The regulator estimates that nearly half of the BSPS members (46%) received “unsuitable” advice from the 343 advice firms involved.
Some 1,400 BSPS scheme members are set to be compensated although some have already received some compensation payments.
It may take until the end of 2023 before compensation payments are made.
The FCA published its long-awaited proposals for a compensation scheme today.
The scheme will cover those who transferred out between 26 May 2016 and 29 March 2018.
Hundreds of BSPS members were forced to consider transferring their pensions when the scheme was closed but a number of unscrupulous advice firms moved in and gave poor advice resulting in losses for many BSPS members. The scandal is one of the biggest financial advice failings in UK regulatory history.
If the scheme is confirmed, the FCA will publish rules setting out how advisers must determine whether they gave unsuitable advice and whether they must pay compensation. The FCA has warned advice firms involved in BSPS advice that they should retain assets and should “not try to avoid their responsibilities.”

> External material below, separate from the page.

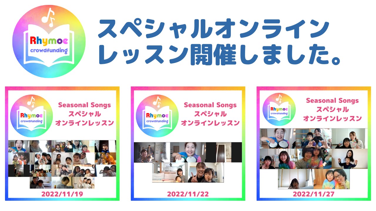 2022/11/29 08:00リターンの一つである「Rhymoeスペシャルオンラインレッスン」を3回に分けて開催しました!今回は出版した「Rhymoe Seasonal Songs えいごのうたがたのしいきせつのうた」に収録した曲をたくさん使った、60分盛りだくさんの内容となりました!おてんきの歌を歌ったり、でんしゃごっこをしたり、アヒルさんやサメに会ったり…かと思えば、ポップコーンを食べたり、雪遊びをしたり…季節を感じられる、シンプルで、思わずいっしょに口ずさんだり、手遊びをしたくなる歌をたくさん体験しただけたと思います。1作目のFavorite Songsと同様、ソングブックの各曲のページには、英語の歌詞、日本語訳、曲の解説、かわいい手描きのイラストが掲載されています。それだけでなく、それぞれの歌をどのように楽しめばいいかがわかるデモ動画が見れるQRコードも掲載しています!あるお子さんは、自分でソングブックを開き、好きな曲のページのQRコードをママのスマホで読み取っては踊り、また別の曲のページのQRコードを読み取って踊る…という楽しみ方をしてくださっているそうです!Seasonalソングブックの巻末には、全38曲すべてのデモ動画が一度に見れるプレイリストのQRコードもありますので、お使いくださいね。【 オンラインレッスンにご参加いただいた方からの嬉しいご感想】「よしみ先生のパワフルさを1時間感じっぱなしでした。子どももずっと楽しくリズムに乗っていました。親もどういう風に関われば良いのか分かったのでまたやってみたいと思います。ありがとうございました! 」「よしみ先生のライモーはいつ?と子どももずっと先生のレッスンを楽しみにしていました!seasonal songsの本の内容をたくさん使ったレッスンで、どれも楽しかったです。親子一緒にたくさん歌い、おどり、笑い、とったも楽しかったです。 」「今日のオンラインレッスン、とても楽しかったです!いっぱい歌って踊って、そして笑って、あっという間の1時間でした。特に電車ごっこが、親子3人で走り回ってかなり盛り上がりました!お陰様で汗だくになりました(笑) 3歳の息子は途中居なくなったりもしましたが、気になる曲があると戻ってきて真剣に聞いていました。 5歳の娘は、終始ノリノリで初めて聞く曲でも一生懸命真似していました。終わった途端「もう一回!」というので「もう終わりだよ〜」というと「じゃあ明日も!」と言うので困りました(笑) 」「レッスンとても楽しかったです。Rhymoeのおかげで、英語好きな子になりました。ソングブックをたくさんきいて、歌えるようにしたいと思います。これからも応援しています! 」「本日はありがとうございました。オンラインでこどもの集中が続くのかが心配でしたが、思っていた以上に楽しんでいた事が嬉しかったです。終わった後も鼻歌で歌っている様子を見ると微笑ましかったです。 主人も英語でのリズムの大切さを実感しており、歌って踊るレッスンには感激していました。普段の遊びの中でも活用させてもらいたいです。 」「いつもは小2のお姉ちゃんも一緒なのですが今回は4歳の次女と2人で全力で楽しませていただきました。レッスンが静と動の絶妙なコンビネーションのため、全力で歌って踊って、座って集中することが4歳ながらできていて嬉しく思っていました。いつもお姉ちゃんと2人だったので我慢していたのか?!4歳児が思いっきりママに甘えており、熱い幸せな時間を共有できました〜 心から楽しかったです」「今回は人数も少なかったこともあり、名前をたくさん呼んでもらえてうれしかったみたいです。1日中ライモーの曲を誰かが口ずさんている、そんな時間を過ごさせていただきました。 新しいお気に入りの曲もできたようなので、またたくさんソングブックを聴いて楽しみたいと思います。 」「本当に楽しかったです!オンラインでもこんなに親子で楽しんで参加できるのはライモーならではだと思います。子どもが小さい時にライモーに出会えて本当にラッキーだし、ハッピーです!」「『今日楽しかった?』 と聞くと、『たのしかった』 『あしたらいもーなの?』 と答え、息子が楽しんだ様子が伺え嬉しかったです。また、終わった直後に”pat”と言っていたので、warm-upの動画を見せると、レッスン中はやらなかった動作も真似することができました。やってみたい!につながるレッスンをありがとうございました!」「子供たちが起きられなかったり、寝ぼけていたりの我が家でしたが、ライブで参加できたことがとても良かったです。英語のリズムを体感できる楽しさが溢れている授業で、初めてのライモーを楽しませていただきました。音楽を聴くと体が動くくらい、ライモーのソングブックに親しむことができると良いです。よしみ先生のレッスンがとても楽しかったので、ぜひまたレッスンに参加できる機会があると良いと思いました。楽しいソングブックを作成してくださって、ありがとうございます。 」「息子は、今日は画面外にい

The FCA has previously warned that it will take “strong action” against impacted firms who try to avoid their responsibilities to pay compensation and already has an asset freeze in place on one firm. It has reminded firms of its expectations.
The Financial Services Compensation Scheme will consider claims from individuals who received advice from an insolvent business or one which no longer exists.
If confirmed, the scheme is hoped to be in place by early 2023, with consumers starting to receive compensation from late 2023. Information is available on the FCA’s website.
The watchdog said in its updated report - CP22/6 - today that it estimates the proposed special scheme will mean that 1,400 BSPS members will receive £71.2m in total redress. This is £56.1m more than if the FCA simply continued with its current supervisory and enforcement work.
Sheldon Mills, executive director for consumers and competition at the FCA, said: “The circumstances around British Steel Pension Scheme transfers were exceptional, with former members receiving significantly higher levels of unsuitable advice compared with other cases.
“We want individuals who lost out financially after receiving unsuitable advice to receive compensation through our scheme.”
The BSPS scheme is the second time the FCA has used its powers under section 404 of the Financial Services and Markets Act to launch a compensation scheme. The first related to consumers who were given unsuitable advice to invest in Arch cru.
Helen Morrissey, senior pensions and retirement analyst at Hargreaves Lansdown, said: “These proposals, if implemented, mean many more people who lost out after transferring out of the British Steel Pension Scheme get the compensation they deserve. The consultation puts strong emphasis on the number of people yet to make any kind of compensation claim and puts processes in place so their case will be reviewed.
"Rather than the client having to approach the adviser with a complaint themselves advisers will need to review affected cases and pay appropriate redress if their advice is found wanting. Firms are expected to identify and prioritise those who may be vulnerable or in need of fast access to redress. This will cover many people who either don’t know they have a claim or have yet to file one.
"In response to concerns that advisers are effectively marking their own homework cases where the advice is deemed suitable will need to be checked by a senior individual so there will be safeguards in place. The British Steel case has damaged the retirement prospects of so many people. These proposals if implemented should help more people get justice.”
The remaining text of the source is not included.